Wie viel Kredit bekomme ich?
Kann ich mir die Hausfinanzierung überhaupt leisten?
Kann ich die etwas teurere Ausstattungsvariante nehmen, oder muss ich Einsparungen vornehmen?
 

Die Beantwortung dieser Fragen ist für den Laien in der Regel nur schwer möglich. Die meisten Kunden glauben, dass sie über diverse Kreditrechner im Internet die Antwort auf diese Frage bekommen. Das Problem: Der berechnete Kreditbetrag ist jedoch trotzdem nur bedingt richtig, da die jeweiligen Banken vollkommen unterschiedliche Bonitätsprüfungen vornehmen. Vergleicht man in weiterer Folge mehrere Bankangebote, dann können die Ergebnisse für die eigene Hausfinanzierung stark variieren.

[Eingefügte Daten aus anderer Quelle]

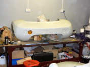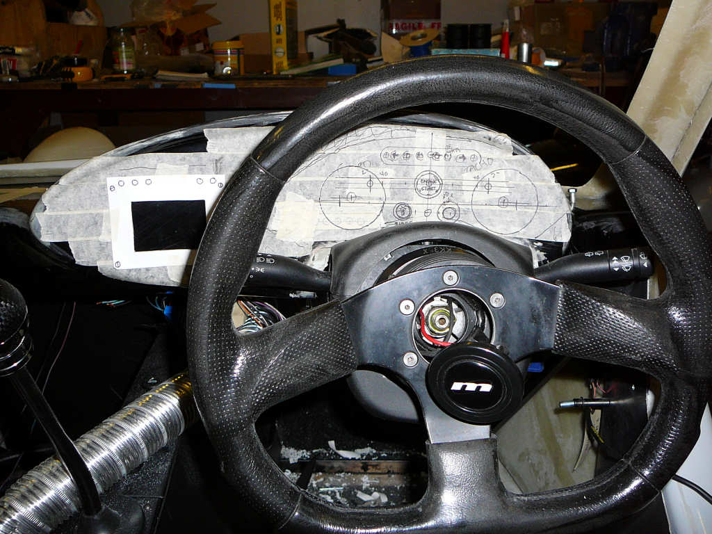 Sorry about the lack of updates.. here's a bit of a mammoth one for you though. Hope you're sitting comfortably? Over the Christmas break, I was lucky enough to have a fair amount of time out in the workshop and have consequently got a decent amount done. Being sub-zero temperatures for much of the time hasn't helped, but it's amazing how quickly you warm up when sanding bodywork! The last installment culminated in the headlights being fitted. I've since gone on to mount most of the other lights with the exception of the side indicator repeaters as I still haven't ordered them (The Fiesta side repeaters are too 'deep' to fit behind the bodywork so I'll go for some low profile LED ones soon..). First job - fit the rear lights. This was a case of using the black bezels to mark out the cut lines, then chain-drill and sand smooth. I used a rotary sanding drum in my drill to do the bulk of the sanding which resulted in a fair amount of dust but gave a nice result and didn't take too long. It certainly helps having a large bench to do this job on! The lights are NAS units from Wipac, and I got all 4 from eBay for just £12 including bulbs. I then moved on to fitting the front indicators. This required fitting the cycle wings which I've been dreading for some reason. In the end it was a relatively simple procedure in which I bent the wing stays around to even up both sides, and then cut recesses in the wings to clear them. In order to fix the wings on, I wanted to use something like a bighead fastener and bond it to the underside of the wing using fibreglass mat and resin. Unfortunately, I didn't have any bigheads, so I ended up making something similar. To do this, I got hold of a few large (40mm) fixings that are used to retain cavity wall insulation and then formed them over the heads of some M6 bolts using brute force and ignorance. I'm wishing I took some photos of these now because its hard to describe and a photo would really help. Oh well.. Once these were ready, I drilled 8 holes in the wing stays and dropped the big bolts in loose. I put a dab of Tigerseal on the head of each bolt and the lowered the cycle wing into position. Once this had dried, I carefully lifted the wing off, turned it upside down and fibreglassed the bolts in place. When I read Neil Everett's build diary, he came across a slight problem when removing the wings since the bolts naturally point towards each other making it impossible to lift the wing off straight. In readiness for this, I made the holes in the forward most wing stays into slots which cures the problem. I'll use some largish washers during the final fit to ensure that the wings stay where they're meant to! One thing to say about doing this kind of fibreglass work - it's not difficult (in fact it's quite easy) but it can get very messy! Be prepared to get resin everywhere! I left the fibreglass to set overnight, then added a second layer. This was left for another night to harden and then I fitted the front indicators. A simple matter of measure, make, drill, and fit. The indicators I'm using came from S-V-C and have a metal base, carbon effect housing, and a clear lens. This was bent to fit the contour of the wing and the top plastic was filed to match, which should help them to sit flat and level. The bulbs fitted are coloured, but they look a little yellow to me. The SVA/IVA manuals state that these indicators must be 'the correct colour', and this is only ever identified as 'amber'. I think I'll get some other bulbs just in case. I've also finished the plumbing of the heater matrix. I've plumbed some 15mm pipe into the heater circuit of the engine coolant system and connected this to the original Fiesta heater valve. This valve is electronically operated and either allows hot water to flow through the heater matrix, or bypasses the matrix and returns the water directly back to the engine. The heater valve is just a simple 12V solenoid and I'll need to make up some electronics to drive it but I'll do that later. The heater valve is supported on a bracket and is located at the front of the tunnel. I think I'll have to put some sort of inspection hatch in the passenger footwell just in case I ever need to get to it again. You may also just be able to make out the new coolant temperature sender in the right hand photo above. This sender comes with my new Koso speedo and tacho mentioned previously so it needed to be installed somewhere suitable. I got a 32mm adaptor from Car Builder Solutions which fitted perfectly (the sender is a standard M10 thread, and so is the adaptor). I've since mounted the heater box down to the chassis using a bracket but this isn't shown above unfortunately. I've refilled the coolant system and bled the matrix and there's no leaks so far which bodes well. Whilst mucking around in the tunnel, I've fitted the handbrake switch. I've reused one of the door switches from the Fiesta for this since they're robust and easy to mount. Back to bodywork for a while: I measured, marked, and then cutout the engine cover to allow it to fit around the rollbar. Although not difficult, this was a bit of a test of confidence since there is almost nothing to reference any measurement from! i ended up using a large sheet of cardboard and trimming it away until I had a suitable template. Once I was happy with this, I used it to transfer the marks to the fibreglass and got cutting. Fortunately, the hard work was worth it and it fits perfectly! Phew. I've also fitted the bonnet hinges. This was a simple job that only took a few moments. These are held on with M8 nuts and bolts with some larger washers to help spread the load and prevent cracking of the fibreglass. As you can see, I've used some small jubilee clips to stop the hinges moving from side to side along the bar. I've ordered some flush bonnet locks from Rally Design which should turn up soon. I've started fitting the rear bodywork which is more of a struggle for several reasons. It's on ho

Kredit und Hausfinanzierung: Wovon der Kreditbetrag abhängt

Um diese Frage zu beantworten, müssen Sie wissen, worauf Banken besonderen Wert legen. Die Banken prüfen bei jeder Kreditanfrage für eine Hausfinanzierung zunächst die sogenannte Kreditfähigkeit und Kreditwürdigkeit. 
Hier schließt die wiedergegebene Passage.